Bovi Ugboma is a Nigerian stand-up comedian, actor, and writer. He has organized popular stand-up comedy concerts like Bovi: Man on Fire across the globe.

== Early life and education ==
Bovi Ugboma was born in Benin City, the capital of Edo State. He attended UNIBEN staff school for his primary education. In 1991, he was enrolled in Government College, Ughelli in Delta State. For disciplinary reasons and fear from his parents of his development as a youth, he was removed from boarding school and transferred to Edokpolor Grammar School in Benin City, where they lived. That move proved unproductive and he moved to his third secondary school, Boys Model Secondary School, Onicha Olona, an all boarding school. After completing his secondary education, he gained admission in Delta State University in 1998, where he studied Theatre Arts.

== Comedy career ==

===2007===
Bovi began his career in April 2007, starring in the sitcom Extended Family, which he also wrote and produced. The show was popular with fans.

===2008–2011===
Bovi was an emerging force in comedy shows and events throughout Nigeria. he made his stand-up comedy debut in Nigeria's premiere comedy franchise, Night of a thousand laughs organized by Opa Williams.

===2013–2014===
Bovi's first stand-up special was held at Eko convention center. He followed it up in 2014 with a sequel titled Bovi: Man on Fire, which featured performances by international music stars Ja Rule and Ashanti. Bovi took the one-man special to several cities in the United States, London, Melbourne, Kyiv, Brisbane, Sydney, Moscow and Toronto.

===2017===
He went on a break for three years after the 2014 edition of the show, after the hiatus, the Man on Fire franchise returned to Lagos and it was the most successful yet. The fourth edition in Lagos held in April 2019 and Bovi said it is the last of the man on Fire franchise. He says his next special will go by another title. Bovi began a series titled Back To School in 2018 which he uploads in his YouTube channel. Bovi has worked alongside other Nigerian comedians such as I Go Dye, I Go Save, Basketmouth, Buchi, Odogwu, Okey Bakassi, Julius Agwu and many others.

===2022===
In July 2022, Bovi held his latest comedy special, Bovi- Naughty By Nature in Lagos and it was sold out two days before the show.

== Movies ==
=== 2015–2018 ===

Bovi premiered his first movie It's Her Day on 9 September 2016. The movie grossed 55 million Naira in the Nigerian box office. In 2016, he starred in the romantic comedy, 4-1-Love as the lead actor.
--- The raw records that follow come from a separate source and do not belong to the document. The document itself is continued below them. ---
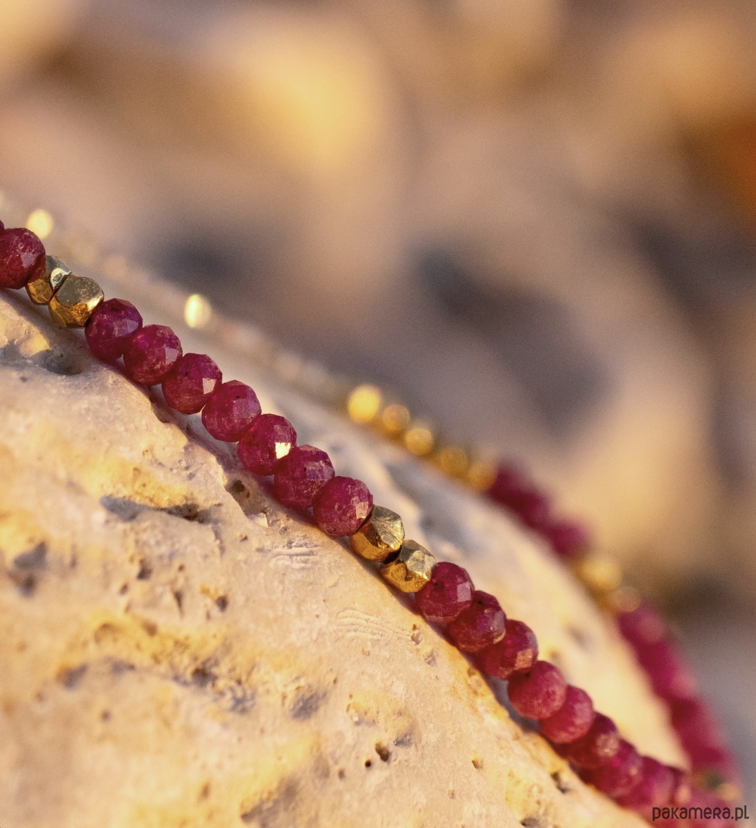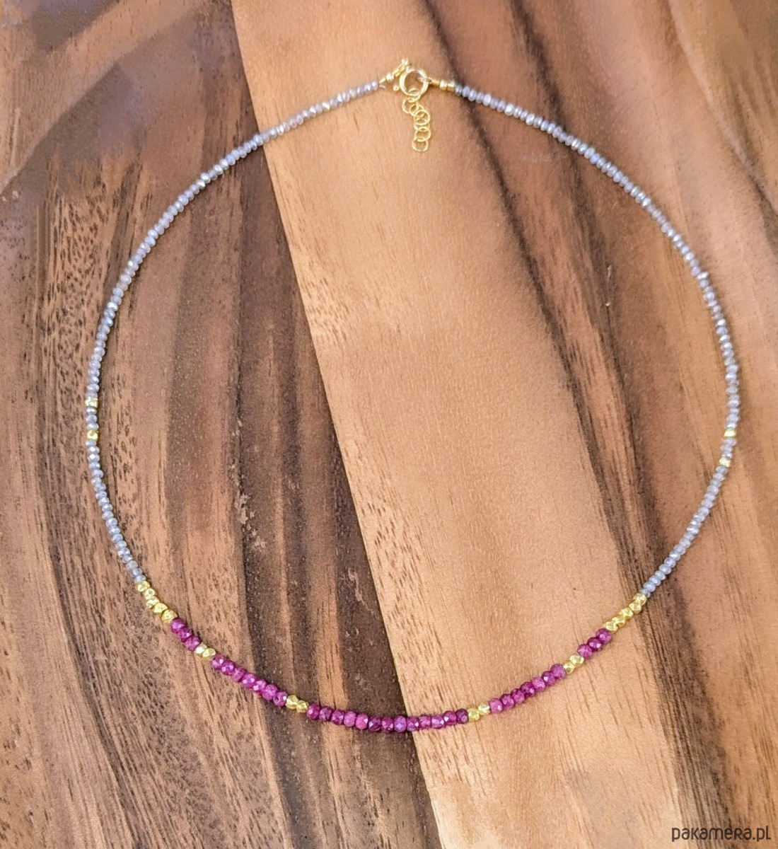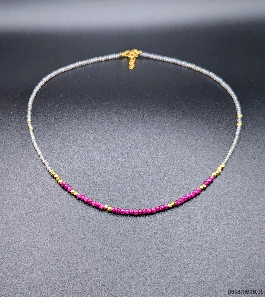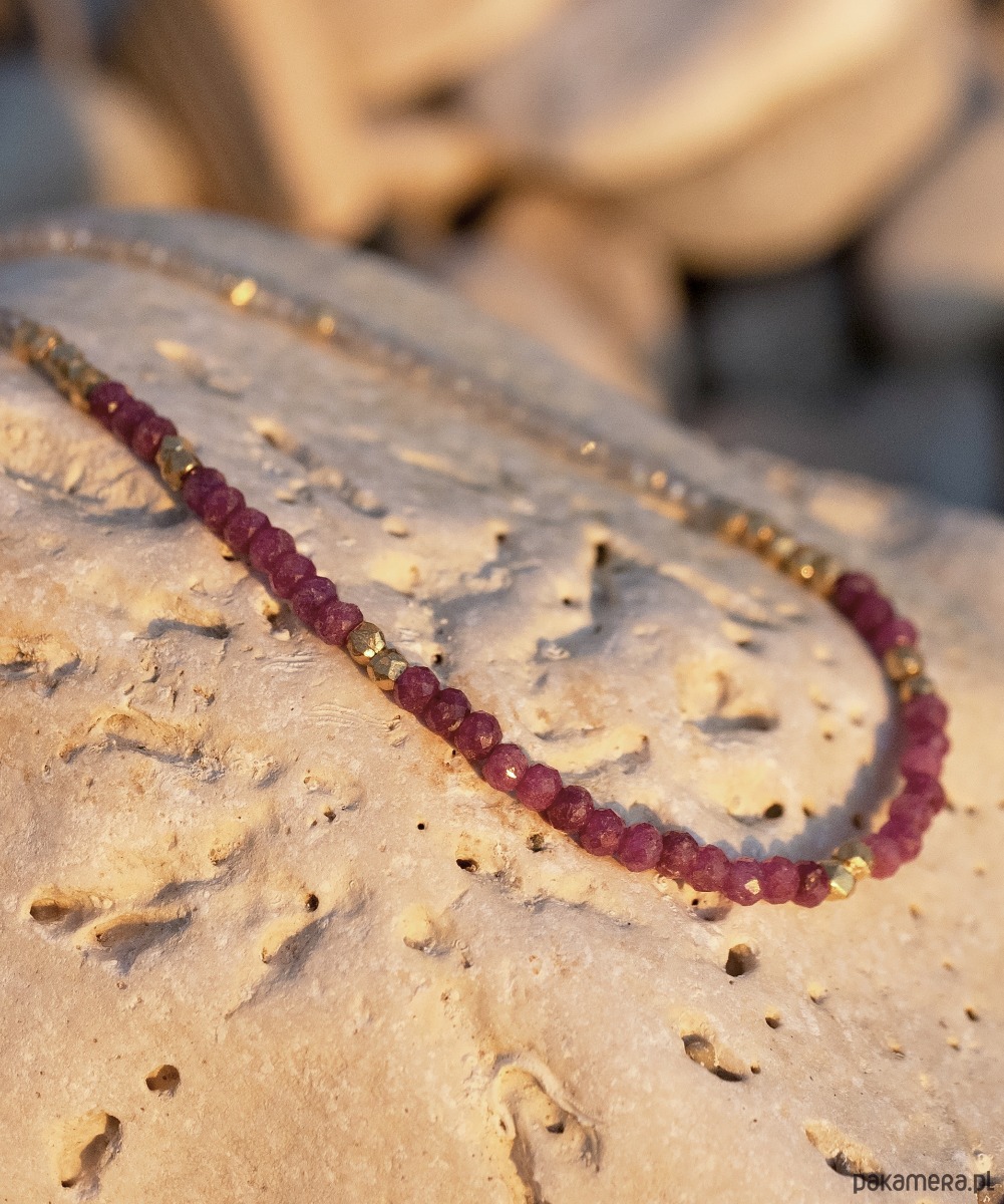 Subtelny i ekskluzywny naszyjnik z nasyconymi kolorem rubinami i lśniącymi drobnymi labradorytami. Labradoryt jest fasetowany, pięknie szlifowany. Przy tym rozmiarze daje efekt iskrzenia. Prawdziwe wyzwanie podczas nawlekania, ale też w trakcie robienia zdjęć (trudno na fotografii oddać rzeczywisty efekt migoczących kamyków). Rubiny w kształcie fasetowanych oponek wraz ze złoconymi przekładkami stanowią piękną ozdobę. Naszyjnik jest elegancki, idealny na prezent.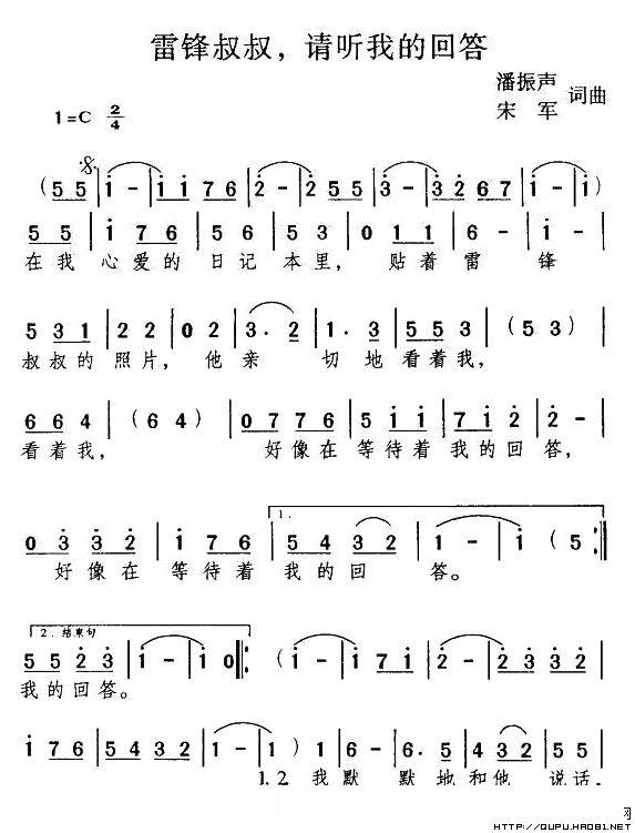 雷锋叔叔,请听我的回答的简谱歌词雷锋叔叔,请听我的回答的简谱歌词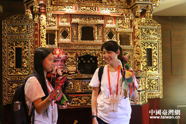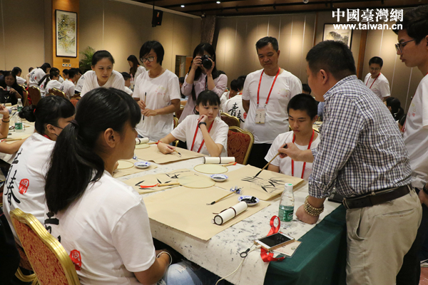 臺灣學(xué)生在臺灣會館體驗?zāi)九加螒颉#ㄖ袊_灣網(wǎng) 汪明珠 攝)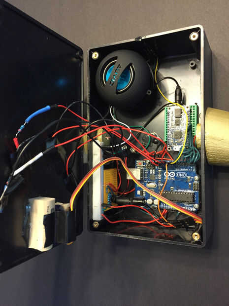 Al principio, la Junta de FX de sonido fue algo ardua para funcionar. Al final, la tarjeta de sonido FX funciona según lo previsto después de algún tiempo jugando con las piezas y el programa. Cada pin en la placa FX que utilicé fueron asociados a un pin del arduino individuales. Aunque había utilizado 6 pernos de FX de sonido, pude poner muchos clips de sonido por pin. Para más detallada información sobre el gran tablero ir a adafruit.com o
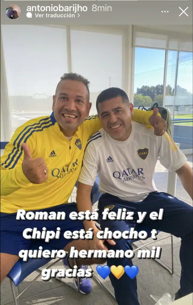 “Si Román está feliz, el Chipi está feliz, te quiero hermano, mil gracias”, las palabras del ex Boca al actual vicepresidente del club. Antonio Barijho siempre fue un jugador bastante polémico, todavía circulan imágenes con chicanas hacia todos los rivales, sobre todo a River, o suele opinar acerca de todo lo que pasa con respecto al “xeneize”.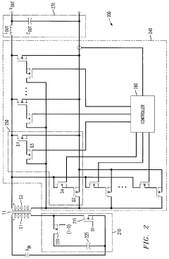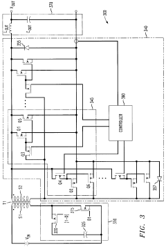 Technical Solution: Delta Electronics has developed an innovative system-level approach to managing synchronous rectifier aging in their power conversion products. Their technology combines hardware design optimizations with advanced control algorithms to address RDS(on) increases throughout device lifetime. Delta's synchronous rectifiers feature specially designed thermal interfaces that minimize temperature cycling, a key accelerator of aging mechanisms. Their solution incorporates a multi-point temperature monitoring system that creates a detailed thermal profile of the device during operation. This data feeds into a proprietary "Aging-Aware Controller" that implements dynamic compensation strategies based on the device's thermal history. Delta has also pioneered a unique "stress distribution" technique that intelligently rotates current loads among multiple parallel devices, effectively extending the overall system lifetime by preventing any single component from experiencing accelerated aging[9]. Their latest generation products include a cloud-connected diagnostic system that aggregates aging data across deployed devices, enabling continuous improvement of lifetime prediction models[10].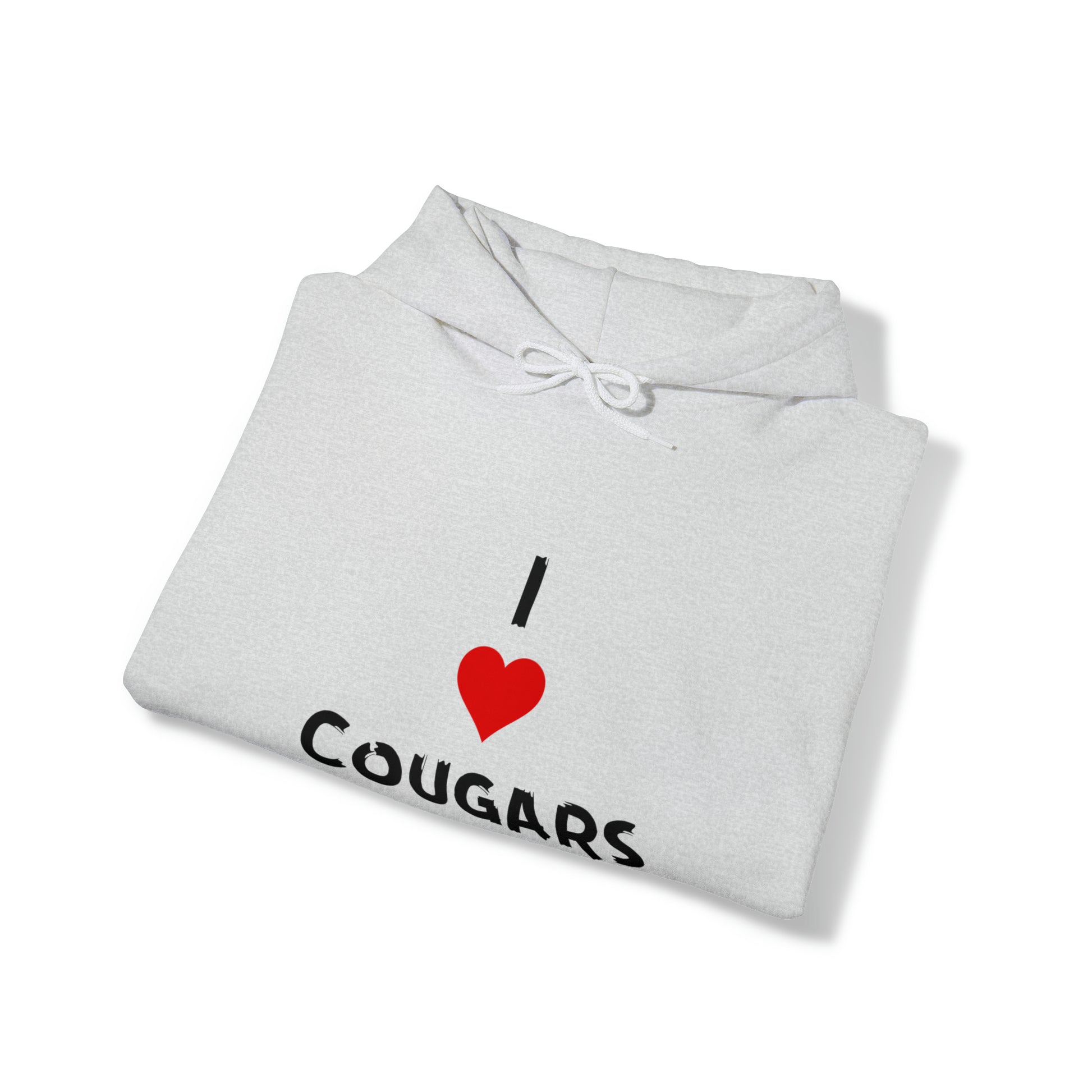 The "I Love Cougars" hoodie is the epitome of chill-out wear. Crafted from a cozy mix of cotton and polyester, this sweatshirt is like a warm hug on a chilly day. It boasts a roomy kangaroo pocket up front for all your bits and bobs, and the drawstring on the hood matches the sweater, because who doesn't love a bit of matchy-matchy?

In 2017, he was nominated for the AMVCA awards as the best actor in comedy; his third individual nomination since the inception of the AMVCA and the fourth from his works. The movie, though lacking in mainstream publicity, went on to have a decent run in the cinemas and grossed 55 million naira at the box office.

=== 2020 ===

In 2020 he starred as a police officer in the remake of the Nollywood classic Nneka the Pretty Serpent.

=== 2021 ===

He also wrote, co-produced and starred in his second film, My Village People. The film went on went on to join the list of 17 Nigerian films to gross100 million naira in the local box office.

==Personal life==
Bovi is married to Kris Asimonye Ugboma, and they have three children.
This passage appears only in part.